Monyog Repeatedly Killed By Sigsegv

by Jan 8, 2016

After running in a fairly stable way for months, we've upgraded to MONyog 6.5 before Christmas, and had the process die 3 times in 4 weeks. Each time the process logged a segmentation fault. Running on Centos 6.5:


[root@(server) MONyog]# cat /etc/centos-release 
CentOS release 6.5 (Final)
[root@(server)  MONyog]# uname -a
Linux (server.fqdn) 2.6.32-431.3.1.el6.x86_64 #1 SMP Fri Jan 3 21:39:27 UTC 2014 x86_64 x86_64 x86_64 GNU/Linux
[root@(server) MONyog]# rpm -qa | grep MONyog
MONyog-6.5.0-0.x86_64

The error was logged 3 minutes after a failed call to the AWS API to get logs from an RDS server, and a curl timeout seems to be involved in the crime. It had been logging a similar failure every 5 minutes; something about that RDS DB isn't happy – but that shouldn't be crashing my entire database monitoring application!

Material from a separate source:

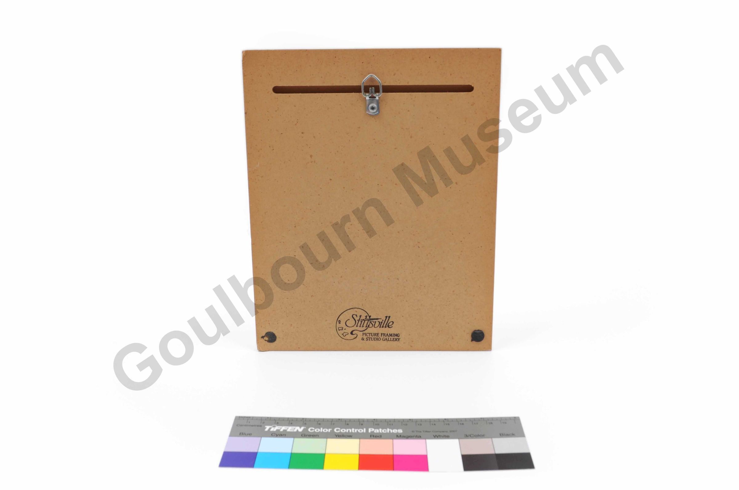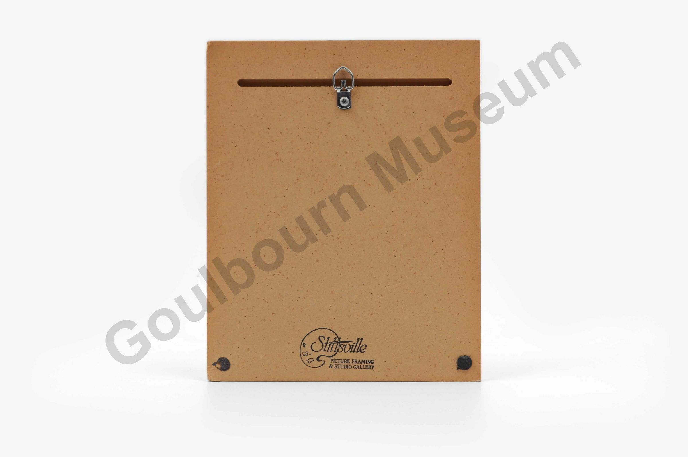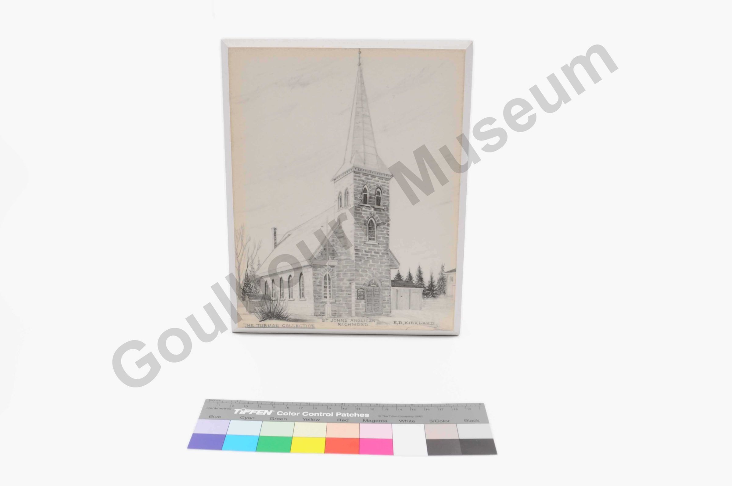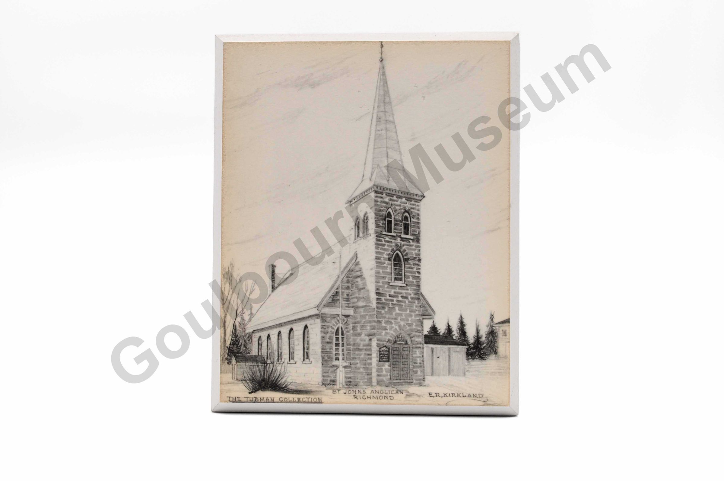 This rectangular shaped art print is a black and white coloured pen and ink sketch of a church building, adhered to a wood backing. Along the bottom edge of the image are the words, from left to right: "The Tubman Collection." "St Johns Anglican Richmond" "E.R.Kirkland". On the reversed side of the item is a carved slot for hanging the item against the wall. In the centre of this slot is a metal loop. Along the bottom edge, in the center, is a black stamp manufactures mark that reads; "Stittsville picture framing & studio gallery."Artwork Details

[6.5] [2016-01-07 18:55:59] [Server: (endpointname)] populatemysql.cpp(471) ErrCode:-1 ErrMsg:RDS Error log not present
[6.5] [2016-01-07 18:58:56] linservicemgr.cpp(106) ErrCode:11 ErrMsg:Stopping MONyog: Received signal SIGSEGV -- Segmentation fault!
/usr/local/MONyog/bin/MONyog-bin(_ZN13LinServiceMgr17PrintProgramStackEv+0x9f)[0x4d955f]
/usr/local/MONyog/bin/MONyog-bin(_ZN13LinServiceMgr12SignalActionEi+0x17e)[0x4d948e]
/lib64/tls/libc.so.6[0x7f2a05110a20]
/usr/src/redhat/BUILD/monyog/out/lib/linux-glibc-2.3.2-95.50/release64/lib/libcurl.so.4[0x7f2a058f98d1]
/usr/src/redhat/BUILD/monyog/out/lib/linux-glibc-2.3.2-95.50/release64/lib/libcurl.so.4[0x7f2a058f8d8b]
/usr/src/redhat/BUILD/monyog/out/lib/linux-glibc-2.3.2-95.50/release64/lib/libcurl.so.4(curl_mvsnprintf+0x25)[0x7f2a058f8825]
/usr/src/redhat/BUILD/monyog/out/lib/linux-glibc-2.3.2-95.50/release64/lib/libcurl.so.4(Curl_failf+0xa0)[0x7f2a058ec260]
/usr/src/redhat/BUILD/monyog/out/lib/linux-glibc-2.3.2-95.50/release64/lib/libcurl.so.4(Curl_resolv_timeout+0x144)[0x7f2a058e3554]

We're running the enterprise version, if that's relevant. I'll try to hunt down the customer login details and send over the core dump, but wanted to post something public so anyone else with the same issue can see it's not a one-off!